Information provided:
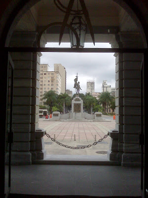Esse é um monumento a heróis que marcaram a História de Minas Gerais. Estão lá retratados Felipe dos Santos, Fernâo Dias, Tiradentes e mais um que não me lembro. Essa estátua, de um homem nu, com uma bandeira ganhou uns versinhos: “Triste sina/sina de cão./ De bunda virada prá praça/ e o pinto prá estação!”
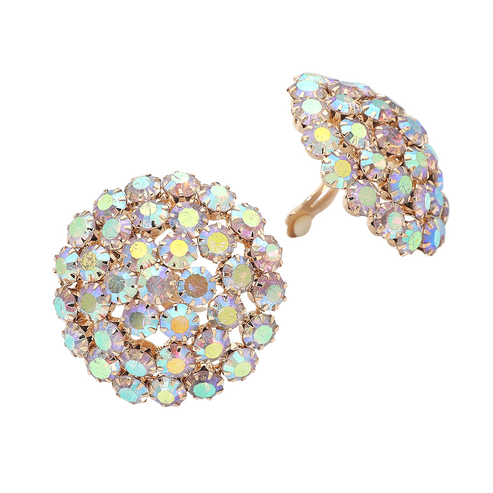 Round Rhinestone Cluster Embellished Evening Clip On Earrings
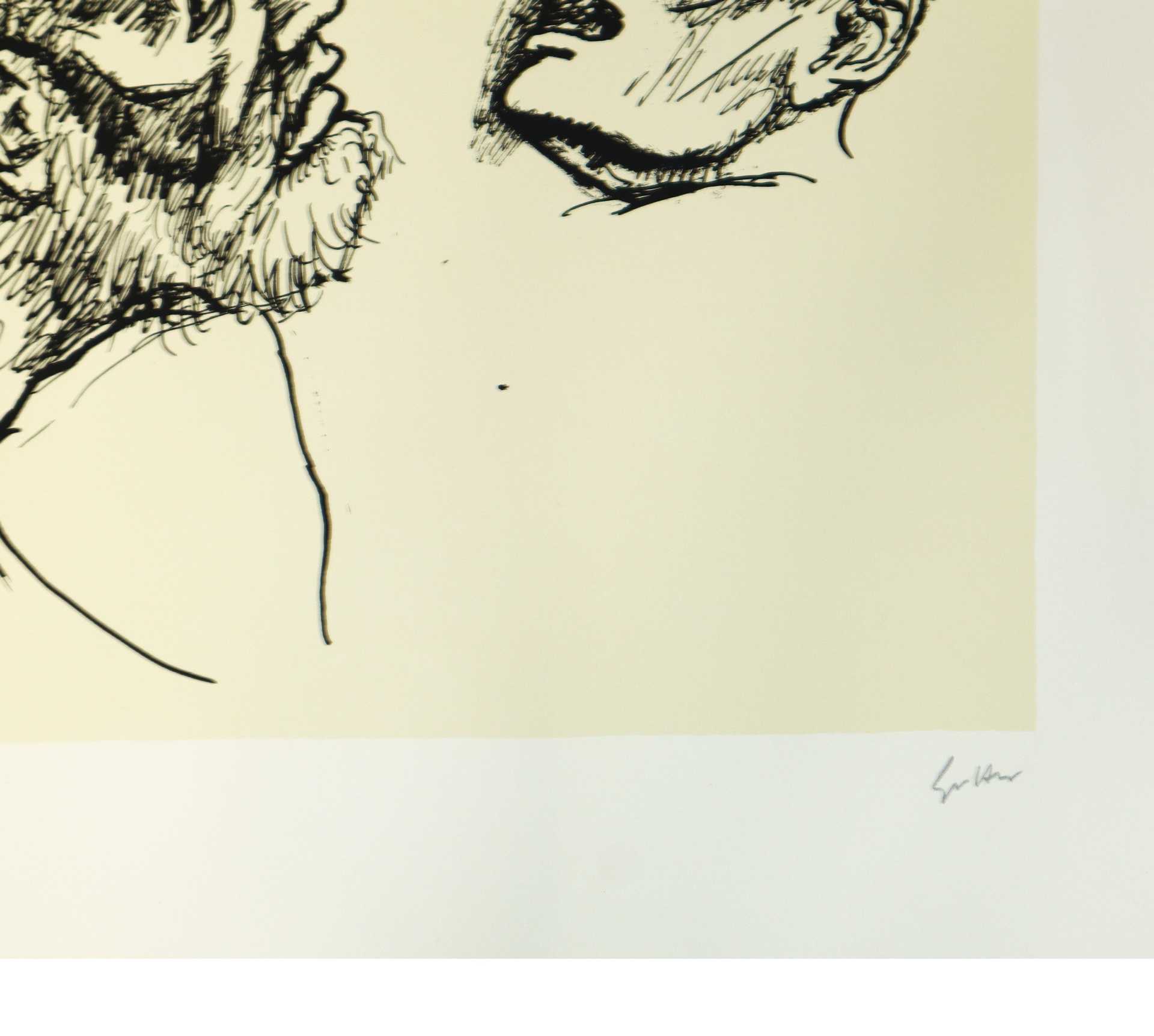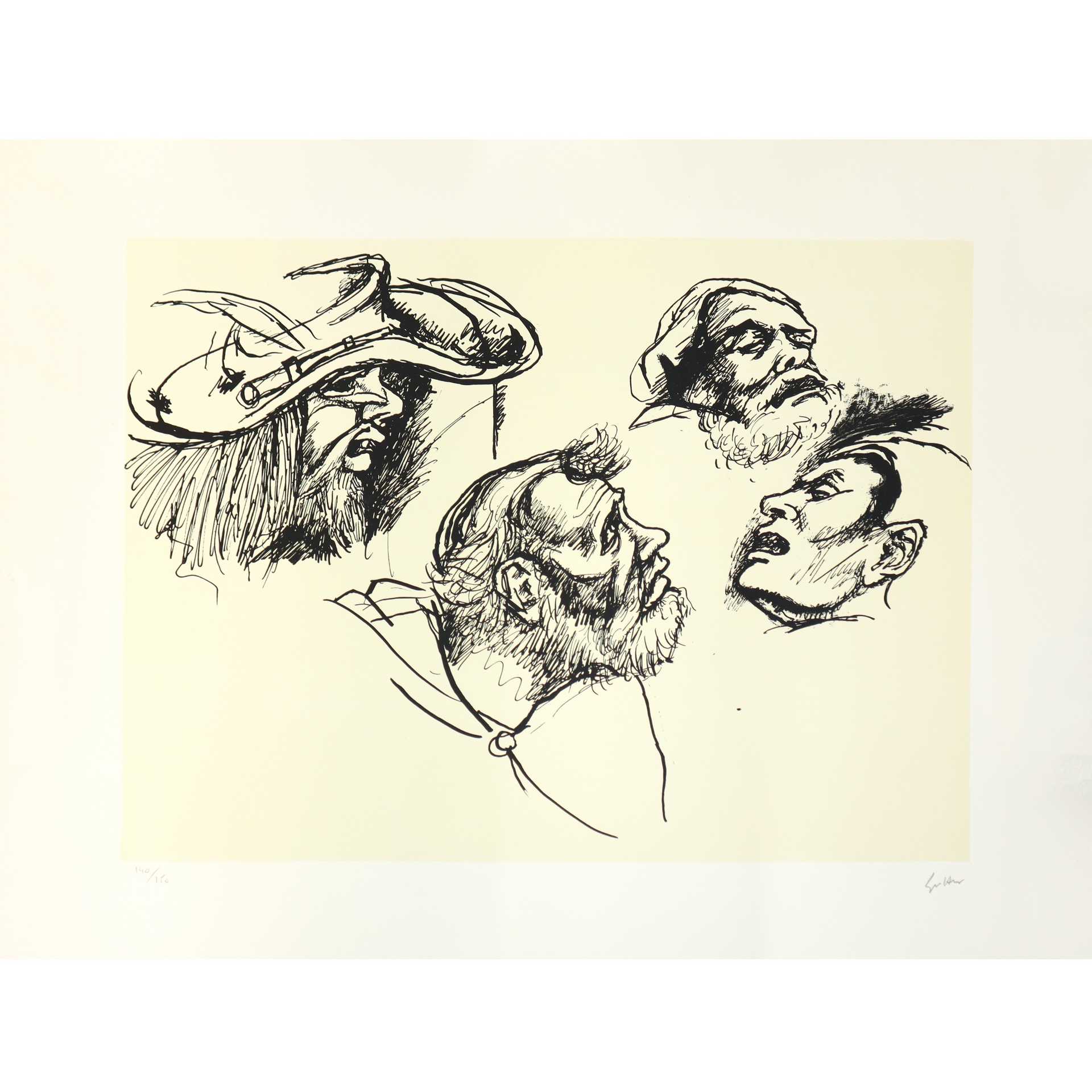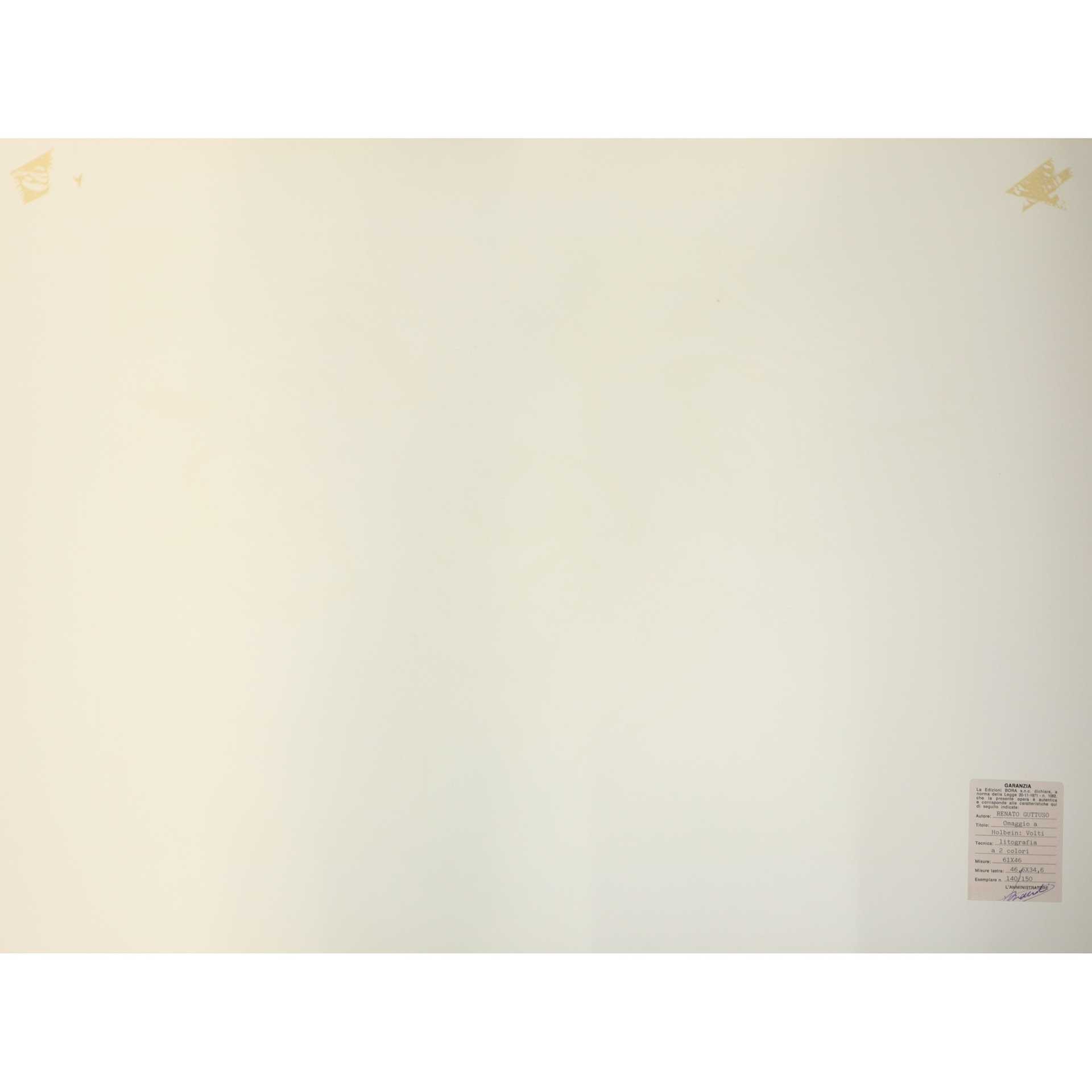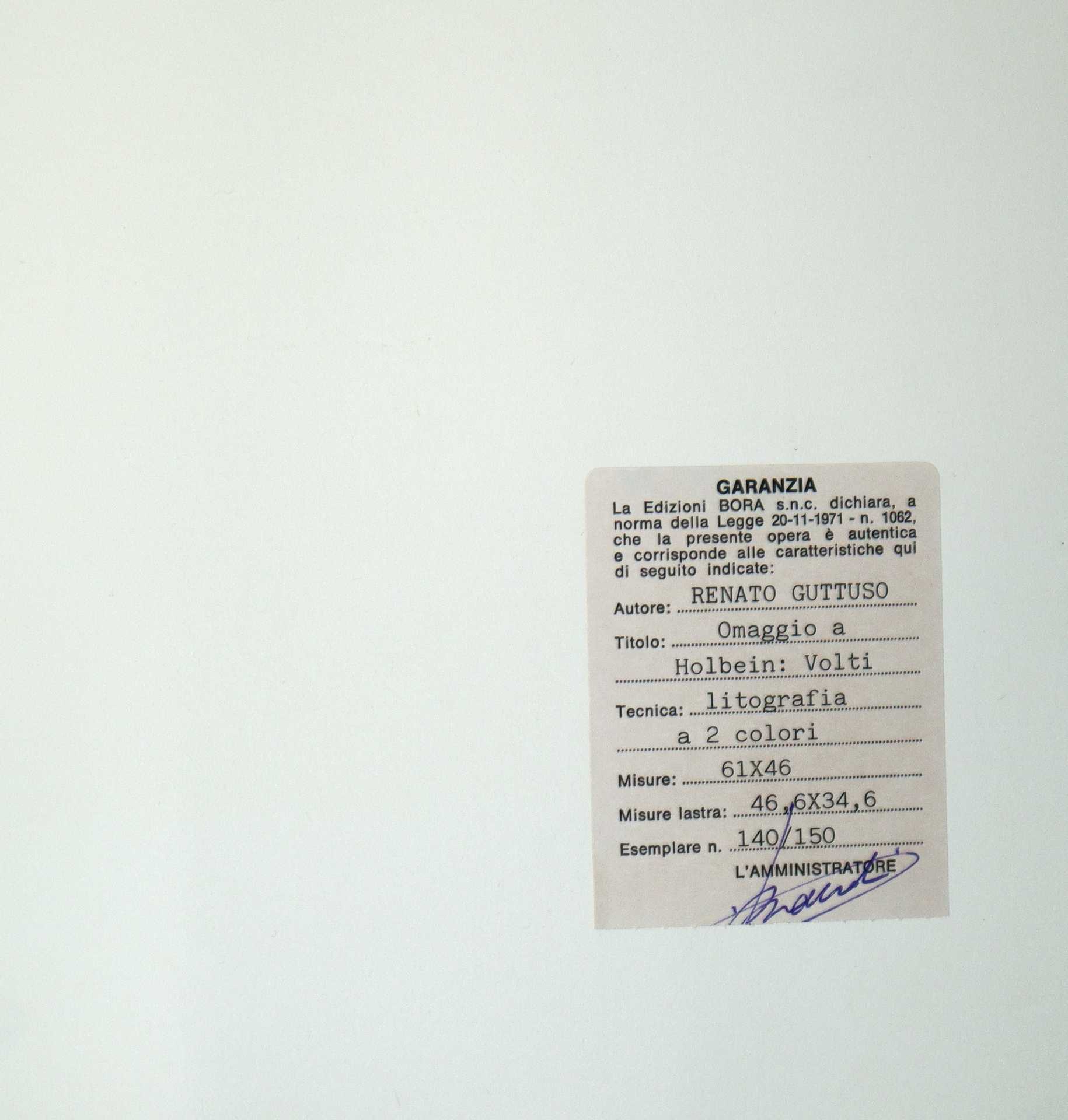 Renato Guttuso (Bagheria 1911-Roma 1987) - Omaggio a Holbein: Volti cm 61x46, misura lastra cm 46,6x34,6 Litografia a 2 colori Esemplare N. 140/150
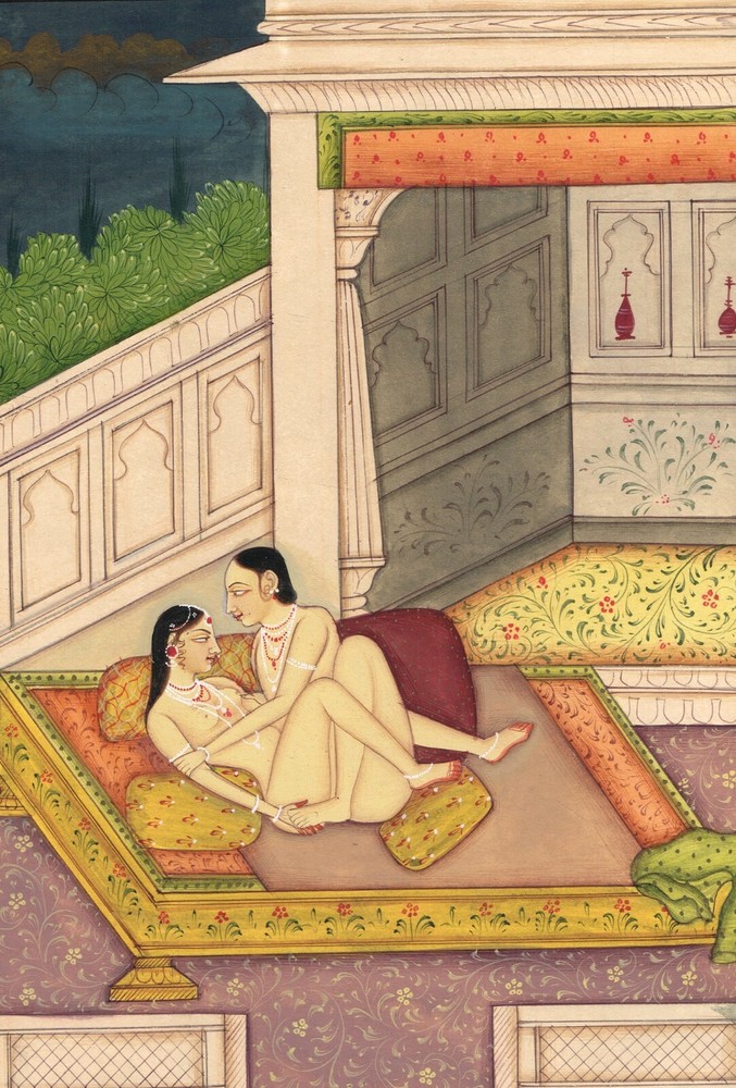 Vintage Handmade Indian Kamasutra Erotic Art Painting 6.5x10 Inches

What you should do: Everything from the line with "Round Rhinestone Cluster" through the final line of the material is to be returned exactly, both ends included, apart from the pictures.

Exercise result:
 Round Rhinestone Cluster Embellished Evening Clip On Earrings
 Renato Guttuso (Bagheria 1911-Roma 1987) - Omaggio a Holbein: Volti cm 61x46, misura lastra cm 46,6x34,6 Litografia a 2 colori Esemplare N. 140/150
 Vintage Handmade Indian Kamasutra Erotic Art Painting 6.5x10 Inches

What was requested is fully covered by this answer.